1. Field of the Invention
The present invention relates to an encoder, and more particularly, to an encoder which operates at high speed and uses a small amount of power, and an encoding method using the same.
2. Description of the Related Art
In conventional flash-type analog-to-digital converters (hereinafter, referred to as ADCs), the outputs of comparators form a thermal code. Here, an encoder converts the thermal code into a binary code or a binary-coded-decimal (BCD) code to perform further processing on the thermal code. The encoder must operate at high speed and provide a high resolution in communications systems where an analog video signal or an analog audio signal is converted into a digital signal. Existing types of encoders include a priority encoder and a memory cell encoder.
FIG. 1 is a block diagram of a conventional priority encoder. The priority encoder of FIG. 1 converts 16-bits produced from an analog signal into 4 bits, which correspond to least significant bits (LSBs), and 2 bits, which correspond to most significant bits (MSBs).
Referring to FIG. 1, a code generator 110 converts an analog signal of 64 levels into a digital signal of 16 bits (b0-b15). An LSB encoder 100 is made up of first, second, third, fourth and fifth encoders 111,112,113,114 and 115 and first and second selectors 116 and 117. That is, the first, second, third and fourth encoders 111,112,113 and 114 receive b0 through b3, b4 through b7, b8 through b11 and b12 through b15, respectively, and encode the received four bits into 3-bits. The fifth encoder 115 receives four bits, one from each of the first, second, third and fourth encoders 111,112,113 and 114, and encodes the four bits into two LSBs b2 and b3. Further, each of the first and second selectors 116 and 117 encodes 4 bits, which are output from each of the first, second, third and fourth encoders 111, 112, 113 and 114, into bits b1 and b0, respectively.
An MSB encoder 122 encodes four MSBs B0 through B3 into two MSBs B0 and B1. A corrector 120 corrects six received bits b0 through b3 and B0 and B1.
The priority encoder as shown in FIG. 1 performs all operations using a signal output from an ADC, so that a large capacity buffer is needed, and the critical path becomes long. The large-capacity buffer and the long critical path of the priority encoder of FIG. 1 cause high power consumption and a long delay in the processing of digital signals. Also, the priority encoder as shown in FIG. 1 includes selectors 116 and 117 and has a complicated circuit structure, so that it is disadvantageous in terms of speed and power.
Memory cell type encoders are also enlarged with an increase in the number of input bits, and a complicated data path causes delay and noise.
An objective of the present invention is to provide a high-speed encoder in which the current consumption and delay time are reduced by shortening a data path without increasing the area of use.
Another objective of the present invention is to provide an encoding method for reducing current consumption and delay time by shortening a data path without increasing the area of use.

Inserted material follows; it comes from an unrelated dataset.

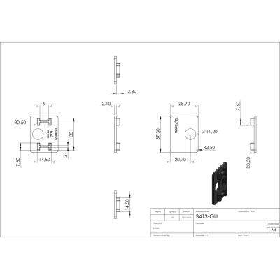Hloubka: 32,5; Materiál: ZAMAK; Model: 34; Povrchová úprava: bez úpravy; Pro tloušťku výplně: 1,5; 10; 10,76; 11,52; 12; 12,76; 2; 3; 4; 8; 8,76; 9,52; Šířka: 52; Tvar držáku: hranatý; Typ závitu: M8; Uchycení: na rovinu; Výška: 52; Zajišťovací čep: volitelné; Zajišťovací podpěra: volitelné;

To achieve the first objective, the present invention provides a high-speed encoder including: a switching unit for receiving a thermal code of a predetermined number of bits received in series, and outputting one bit among the received bits as a most significant bit and the other bits in parallel; and an encoder for dividing the bits received from the switching unit in parallel into groups having a predetermined number of bits, encoding the bits in each group into a predetermined number of bits, selecting one group of encoded bits using bits not used by the groups, and outputting least significant bits together with the most significant bit output from the switching unit. The encoder includes: a block unit for dividing the received bits into blocks having a predetermined number of bits and encoding the signals in each group into a predetermined number of bits; a selection unit for selecting the encoded bits in one among the blocks by combining bits not used by the blocks among the received bits; and a bit generation unit for generating bits other than the encoded bits selected by the selection unit and the bit generated by the switching unit, by combining the unused bits.
To achieve the second objective, the present invention provides a method of encoding a thermal code output from an analog-to-digital converter, the method including: dividing received bits into blocks having a predetermined number of bits and encoding the bits in each group into a predetermined number of bits; selecting one among the blocks by combining bits not used by the blocks among the received bits, and generating the encoded bits in the selected block; and generating bits other than the encoded bits generated in the previous step, by combining the unused bits.